You can also use NV-Ingest's Python client API to interact with the service running in the cluster. Use the same host and port as in the previous nv-ingest-cli example.

## Parameters

### Deployment parameters

| Name                                | Description                                                                                                      | Value   |
| ----------------------------------- | ---------------------------------------------------------------------------------------------------------------- | ------- |
| `affinity`                          | [default: {}] Affinity settings for deployment.                                                                  | `{}`    |
| `nodeSelector`                      | Sets node selectors for the NIM -- for example `nvidia.com/gpu.present: "true"`                                  | `{}`    |
| `logLevel`                          | Log level of NV-Ingest service. Possible values of the variable are TRACE, DEBUG, INFO, WARNING, ERROR, CRITICAL. | `DEBUG` |
| `extraEnvVarsCM`                    | [default: ""] A Config map holding Enviroment variables to include in the NV-Ingest containerextraEnvVarsCM: ""   | `""`    |
| `extraEnvVarsSecret`                | [default: ""] A K8S Secret to map to Enviroment variables to include in the NV-Ingest container                   | `""`    |
| `fullnameOverride`                  | [default: ""] A name to force the fullname of the NV-Ingest container to have, defaults to the Helm Release Name  | `""`    |
| `nameOverride`                      | [default: ""] A name to base the objects created by this helm chart                                              | `""`    |
| `image.repository`                  | NIM Image Repository                                                                                             | `""`    |
| `image.tag`                         | Image tag or version                                                                                             | `""`    |
| `image.pullPolicy`                  | Image pull policy                                                                                                | `""`    |
| `podAnnotations`                    | Sets additional annotations on the main deployment pods                                                          | `{}`    |
| `podLabels`                         | Specify extra labels to be add to on deployed pods.                                                              | `{}`    |
| `podSecurityContext`                | Specify privilege and access control settings for pod                                                            |         |
| `podSecurityContext.fsGroup`        | Specify file system owner group id.                                                                              | `1000`  |
| `extraVolumes`                      | Adds arbitrary additional volumes to the deployment set definition                                               | `{}`    |
| `extraVolumeMounts`                 | Specify volume mounts to the main container from `extraVolumes`                                                  | `{}`    |
| `imagePullSecrets`                  | Specify list of secret names that are needed for the main container and any init containers.                     |         |
| `containerSecurityContext`          | Sets privilege and access control settings for container (Only affects the main container, not pod-level)        | `{}`    |
| `tolerations`                       | Specify tolerations for pod assignment.

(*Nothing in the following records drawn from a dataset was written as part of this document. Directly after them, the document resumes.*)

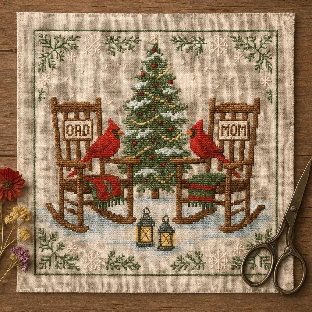 β€οΈHonor the memory of your loved ones and celebrate family traditions with our βMom & Dad Rocking Chairs with Memorial Cardinalsβ Cross Stitch Kit. This touching design features two rocking chairs labeled βMOMβ and βDAD,β adorned with symbolic red cardinals, a snow-dusted Christmas tree, and cozy winter detailsβmaking it a perfect project for creating a heartfelt memorial keepsake or a loving tribute to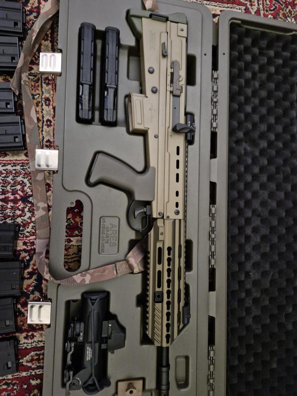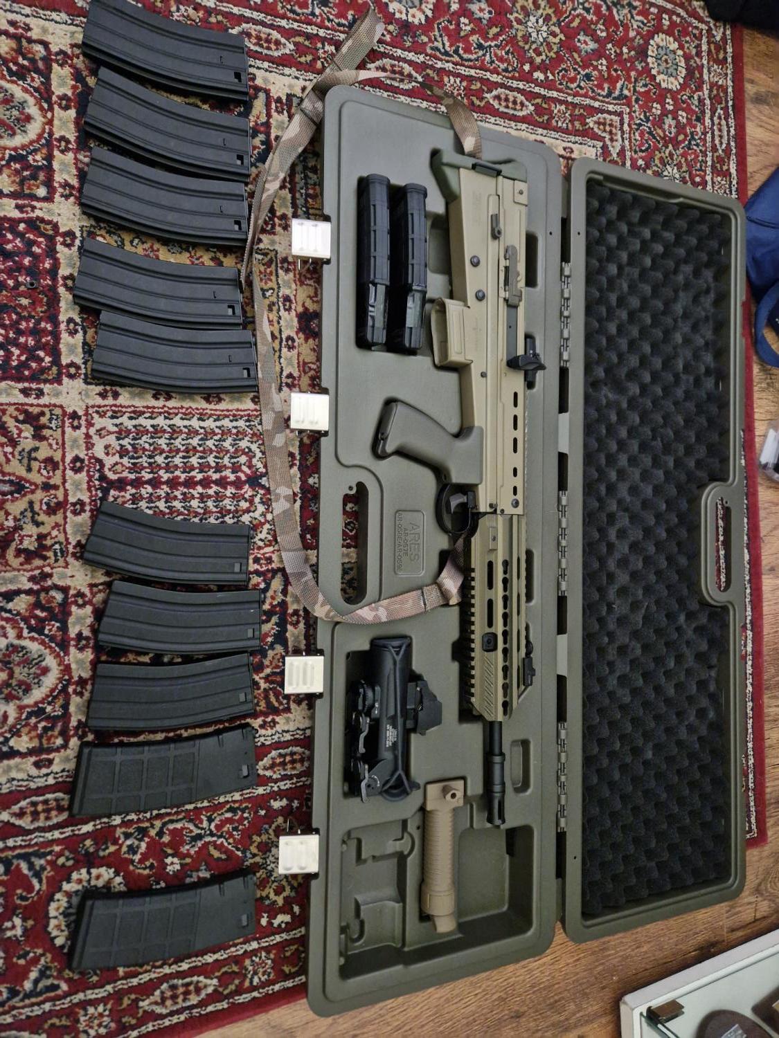 I am selling my Ares L85A3 with a complete set of accessories. The gun is in excellent condition with slight cosmetic wear (see photos). It has been used several times and the spring has been ungraded to ~330 FPS. There are some cosmetic scratches on the lower rail due to the use of a M320 grenade launcher (A lot of fun! See separate listing).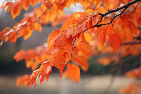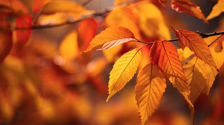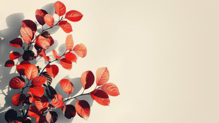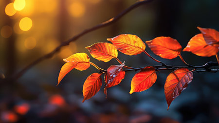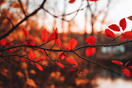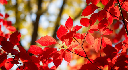Generative AI : Autumn red tree branch with leaves natural fall vivid sunny background
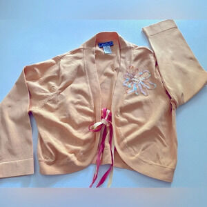 LaRue 39 Silk cropped bolero sz 10. Sequenced flower & ribbon closure in orange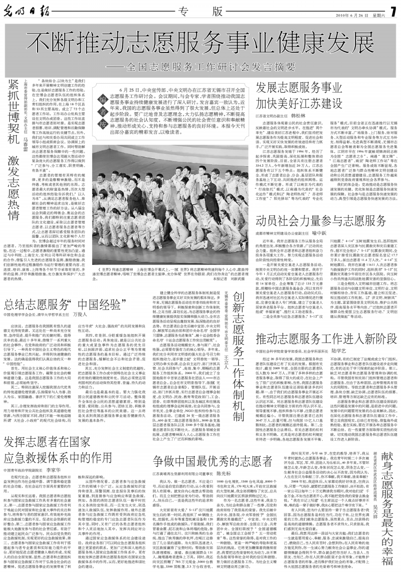 编者按 6月25日,中央宣传部、中央文明办在江苏省无锡市召开全国志愿服务工作研讨会。会议期间,与会专家、学者围绕推动我国志愿服务事业持续健康发展进行了深入研讨。发言嘉宾一致认为,近年来,我国的志愿服务事业虽然得到了很大发展,但总体上还处于起步阶段。要广泛地普及志愿理念,大力弘扬志愿精神,不断提高志愿服务的社会认知度,不断增强公民的社会责任意识和奉献精神,推动形成关心、支持和参与志愿服务的良好环境。本报今天刊出部分嘉宾的精彩发言,以飨读者。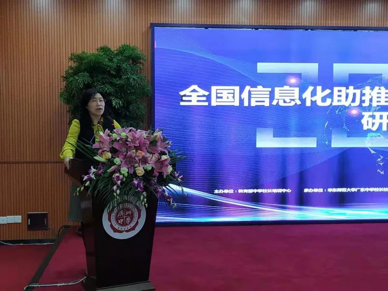 本次研讨会由教育部中学校长培训中心副主任刘莉莉主持,常州市教育研究院院长戴晓娥、广州中学校长彭建平、广东省实验中学校长全汉炎、华南师范大学教师教育学部教师发展评估院吴少平、杭州市建兰中学校长饶美红、东莞市松山湖实验中学校长万飞、清华大学附属中学校长王殿军、广州市执信中学校长何勇分别以专题讲座、案例教学、项目展示、参与式研讨等形式向近三百名与会者做了信息化助推学校教育评价改革的经验、成果及思考的分享。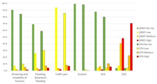 Risk distribution (no risk, low, medium, high) for different risk types for the test area (Akerselva) at 200CF and CPH in % of total area or total amount of infrastructure per risk type.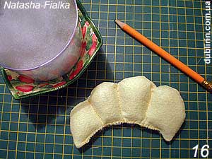 15. Срезаем излишки ткани (фетра). Здесь припуски нужно оставить минимальные – до 0,3 см. Выворачиваем. И – по желанию – можете прострочить вот такие декоративные линии (обязательно закрепляем строчку в начале и в конце каждой этой маленькой линии). Но можно оставить гребешок цельным.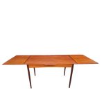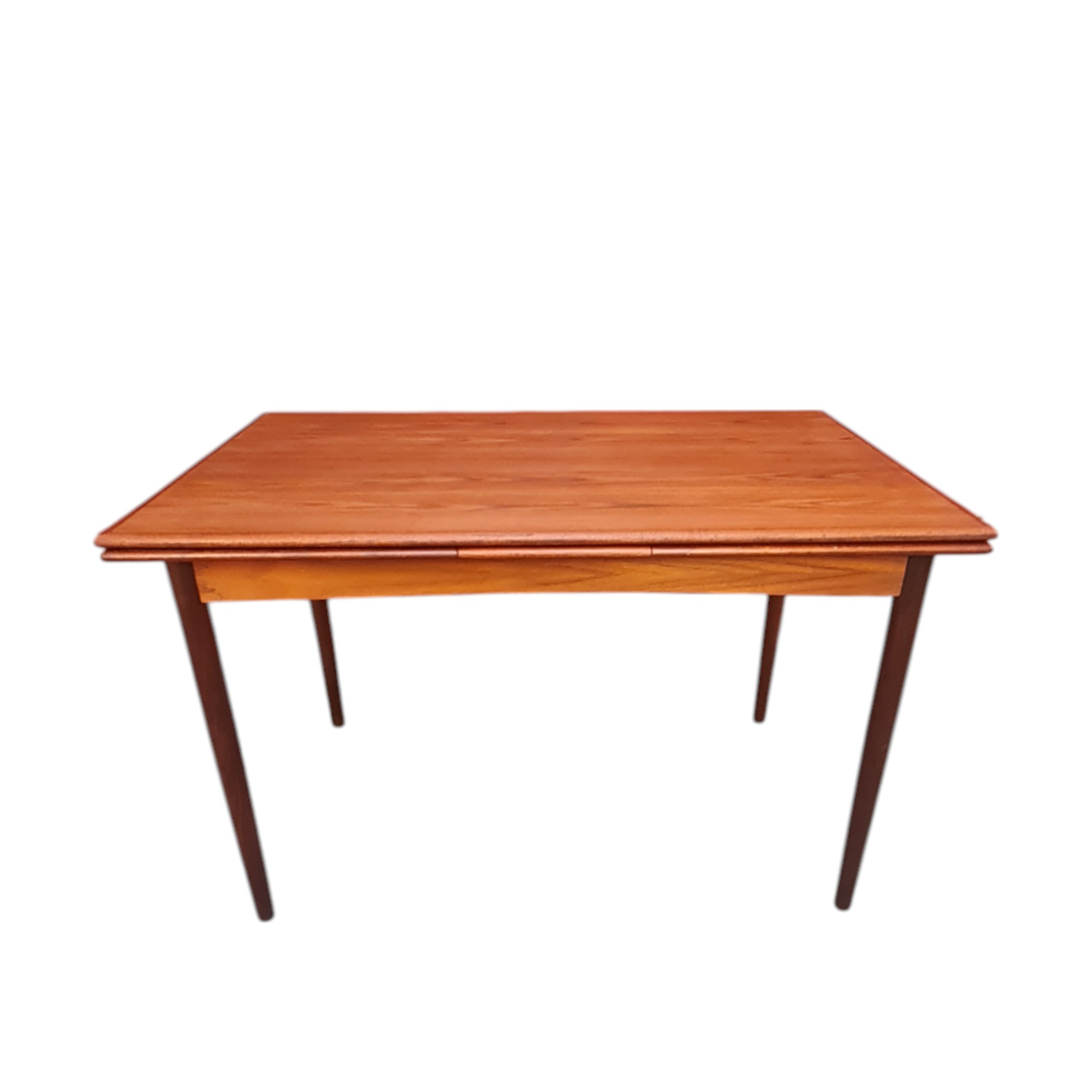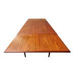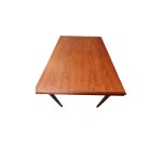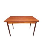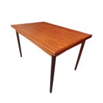 Klassisk spisebord i dansk design fra 1950’erne, udført i smuk fineret palisander med hollandsk udtræk og elegante, runde tilspidsede ben. Bordet har et let og harmonisk udtryk og kombinerer funktionalitet med tidløs æstetik.

Allows the scheduler to schedule pods with matching taints.              |         |
| `replicaCount`                      | The number of replicas for NV-Ingest when autoscaling is disabled                                                 | `1`     |
| `resources.limits."nvidia.com/gpu"` | Specify number of GPUs to present to the running service.                                                        |         |
| `resources.limits.memory`           | Specify limit for memory                                                                                         | `32Gi`  |
| `resources.requests.memory`         | Specify request for memory                                                                                       | `16Gi`  |
| `tmpDirSize`                        | Specify the amount of space to reserve for temporary storage                                                     | `8Gi`   |

### NIM Configuration

Define additional values to the dependent NIM helm charts by updating the "yolox-nim", "cached-nim", "deplot-nim", and "paddleocr-nim"
values. A sane set of configurations are already included in this value file and only the "image.repository" and "image.tag" fields are
explicitly called out here.

| Name                             | Description                                                     | Value |
| -------------------------------- | --------------------------------------------------------------- | ----- |
| `yolox-nim.image.repository`     | The repository to override the location of the YOLOX            |       |
| `yolox-nim.image.tag`            | The tag override for YOLOX                                      |       |
| `cached-nim.image.repository`    | The repository to override the location of the Cached Model NIM |       |
| `cached-nim.image.tag`           | The tag override for Cached Model NIM                           |       |
| `paddleocr-nim.image.repository` | The repository to override the location of the Paddle OCR NIM   |       |
| `paddleocr-nim.image.tag`        | The tag override for Paddle OCR NIM                             |       |
| `deplot-nim.image.repository`    | The repository to override the location of the Deplot NIM       |       |
| `deplot-nim.image.tag`           | The tag override for Deplot NIM                                 |       |

### Milvus Deployment parameters

NV-Ingest uses Milvus and Minio to store extracted images from a document
This chart by default sets up a Milvus standalone instance in the namespace using the
Helm chart at found https://artifacthub.io/packages/helm/milvus-helm/milvus

| Name             | Description                                                            | Value     |
| ---------------- | ---------------------------------------------------------------------- | --------- |
| `milvusDeployed` | Whether to deploy Milvus and Minio from this helm chart                | `true`    |
| `milvus`         | Find values at https://artifacthub.io/packages/helm/milvus-helm/milvus | `sane {}` |

### Autoscaling parameters

Values used for creating a `Horizontal Pod Autoscaler`. If autoscaling is not enabled, the rest are ignored.
NVIDIA recommends usage of the custom metrics API, commonly implemented with the prometheus-adapter.
Standard metrics of CPU and memory are of limited use in scaling NIM.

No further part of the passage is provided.